Given an array of integers, return indices of the two numbers such that they add up to a specific target.

You may assume that each input would have exactly one solution, and you may not use the same element twice.

Example:

Given nums = [2, 7, 11, 15], target = 9,
Because nums[0] + nums[1] = 2 + 7 = 9,
return [0, 1].

Brute Force

class Solution {
    public int[] twoSum(int[] nums, int target) {
        for (int i = 0; i < nums.length; i++) {
            for (int j = i + 1; j < nums.length; j++) {
                if (nums[i] + nums[j] == target) {
                    return new int[]{i, j};
                }
            }
        }

        return new int[]{};
    }
}

One-pass Hash Table

public int[] twoSum(int[] nums, int target) {
    Map<Integer, Integer> map = new HashMap<>();
    for (int i = 0; i < nums.length; i++) {
        int complement = target - nums[i];
        if (map.containsKey(complement)) {
            return new int[] { map.get(complement), i };
        }
        map.put(nums[i], i);
    }
    throw new IllegalArgumentException("No two sum solution");
}

可以常规解法,也可以使用HashMap的特性。

2. Add Two Numbers

  • LinkedList

You are given two non-empty linked lists representing two non-negative integers. The digits are stored in reverse order and each of their nodes contain a single digit. Add the two numbers and return it as a linked list.

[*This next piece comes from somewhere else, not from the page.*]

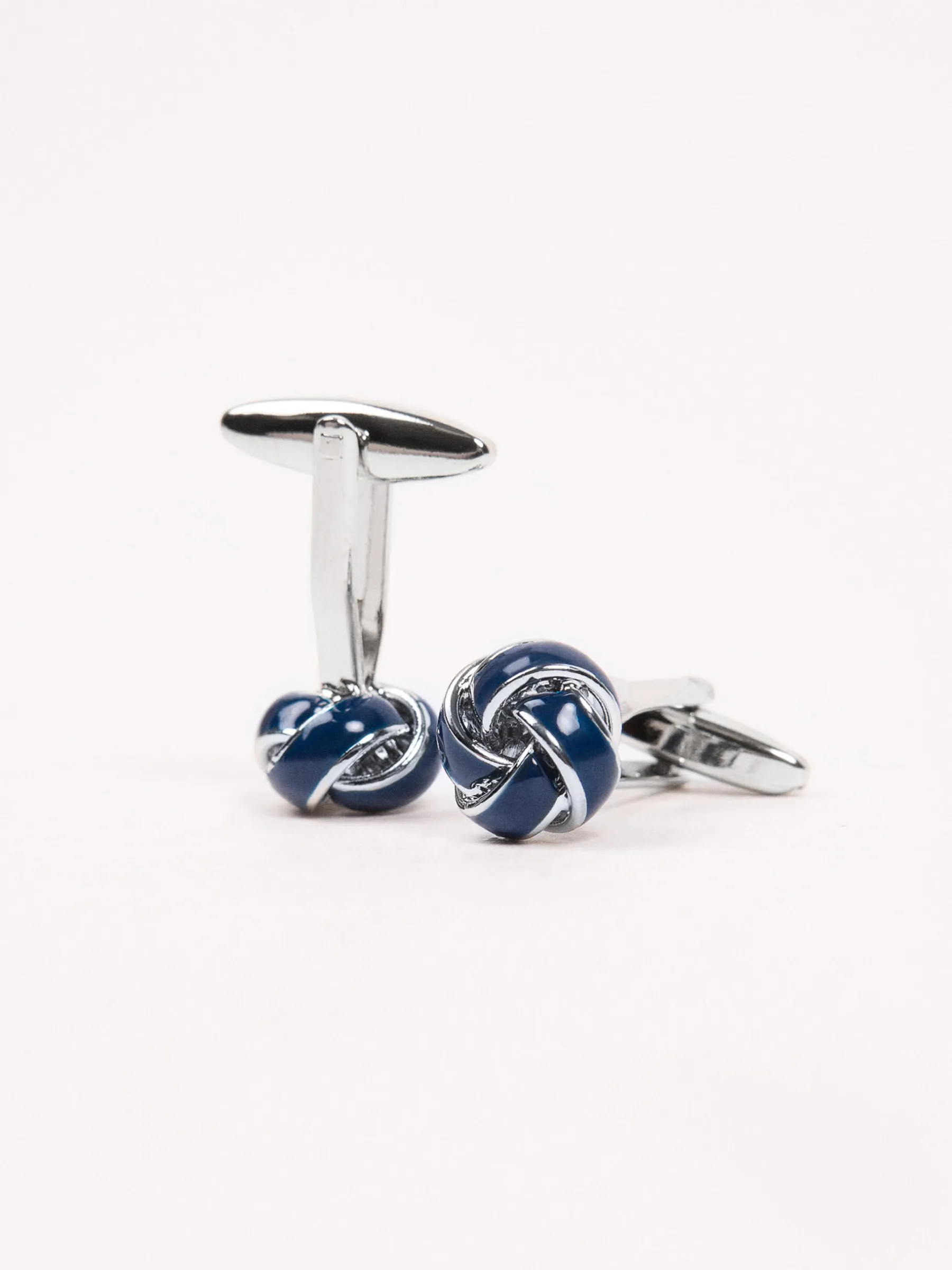 Gemelo metálico con forma de nudo que cuenta con esmalte en marino.

You may assume the two numbers do not contain any leading zero, except the number 0 itself.

Example:

Input: (2 -> 4 -> 3) + (5 -> 6 -> 4)
Output: 7 -> 0 -> 8
Explanation: 342 + 465 = 807.

/**
 * Definition for singly-linked list.
 * public class ListNode {
 *     int val;
 *     ListNode next;
 *     ListNode(int x) { val = x; }
 * }
 */
class Solution {
    public ListNode addTwoNumbers(ListNode l1, ListNode l2) {
        ListNode result = new ListNode(0);
        ListNode p = result;
        int carry = 0, bit = 0;
        while (l1 != null || l2 != null || carry != 0) {
            bit = ((l1 == null) ? 0 : l1.val) + ((l2 == null) ? 0 : l2.val) + carry;
            carry = bit / 10;
            p.next = new ListNode(bit % 10);
            p = p.next;
            l1 = (l1 == null) ? null : l1.next;
            l2 = (l2 == null) ? null : l2.next;
        }

        return result.next;
    }
}

该题几个要点:

  1. 数字是逆序存储的,即头节点是个位,这就意味着直接算,进位进到next就可以了
  2. 最后一个节点可能是进位进来的1
  3. l1、l2不一定长度相等

3. Longest Substring Without Repeating Characters

  • HashTable
  • String
  • Two Pointers

Given a string, find the length of the longest substring without repeating characters.

Example:

Given "abcabcbb", the answer is "abc", which the length is 3.
Given "bbbbb", the answer is "b", with the length of 1.
Given "pwwkew", the answer is "wke", with the length of 3. Note that the answer must be a substring, "pwke" is a subsequence and not a substring.

此题同CI-(48)最长不含重复字符的子字符串

Sliding Window

class Solution {
    public int lengthOfLongestSubstring(String s) {
        int i = 0, j = 0, ans = 0, n = s.length();
        Set<Character> set = new HashSet();

        while (i < n && j < n) {
            if (!set.contains(s.charAt(j))) {
                set.add(s.charAt(j++));
                ans = Math.max(ans, j - i);
            } else {
                set.remove(s.charAt(i++));
            }
        }

        return ans;
    }
}

题目要求最长 无重复字母 的子串,可以用Set的特性
使用滑动窗口方法解,将[i, j]里面的字母用HashSet存储
若a[j]不在Set里面,set.add(s.charAt(j++))
否则set.remove(s.charAt(i++))

4. Median of Two Sorted Arrays

  • Array
  • Binary Search
  • Divide and Conquer

There are two sorted arrays nums1 and nums2 of size m and n respectively.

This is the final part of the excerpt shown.